Originally Posted by kml
I dated within a few months of my ex leaving.

I am curious if any of these turned into a long term meaningful relationship? If yes, why and how did it eventually end?

On the discussion about statistics, I want to ask a simple question. If you walk into a grocery and notice a carton of milk that is past it's expiry date, would you purchase it or try to find another one that has not expired yet? If you notice the milk is expired after you bring the carton home, then you may choose to still use it since it is very likely the milk is still good and you have invested time, money and effort in bringing it home. You will however scrutinize the milk a little more than you would otherwise. Why? Because statistically the odds of the milk being bad are higher once it is past the expiry date. The risk is higher not just in having to throw the milk but also falling sick by consuming milk you think is good but is not in reality.

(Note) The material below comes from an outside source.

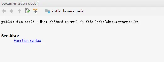 }阅读TODO中的内容,首先要求我们阅读README.md文件,学习如何使用该项目,了解通过该项目能学到什么,并给出了Hello_World练习的答案。然后是教我们使用在线文档,可以看到代码中有一个doc0()函数,将光标移动到该函数位置,按下 'Ctrl + Q'(Mac OS按 'F1')可以打开快速文档,这里是Kotlin的详细文档,点击链接便可在浏览器中查看。注意一定要将光标移动到该函数位置,只是将鼠标悬停在函数上方是不行的。

How does this apply to G's situation here? Being separated and not divorced is a huge red flag based on G's relationship goals for a long term stable partner. Even if the guy is over his ex, he may only be dating G on the rebound and not ready for an LTR. The earlier she notices these red flags and acts on them, the better her odds of making a good choice are. The more dates she goes on with this guy, the more things she will likely need to overlook because she has already invested in the relationship.

This is one reason why statistics are important in decision making. Yes, you can always beat the odds but odds are you won't beat them as often as you think.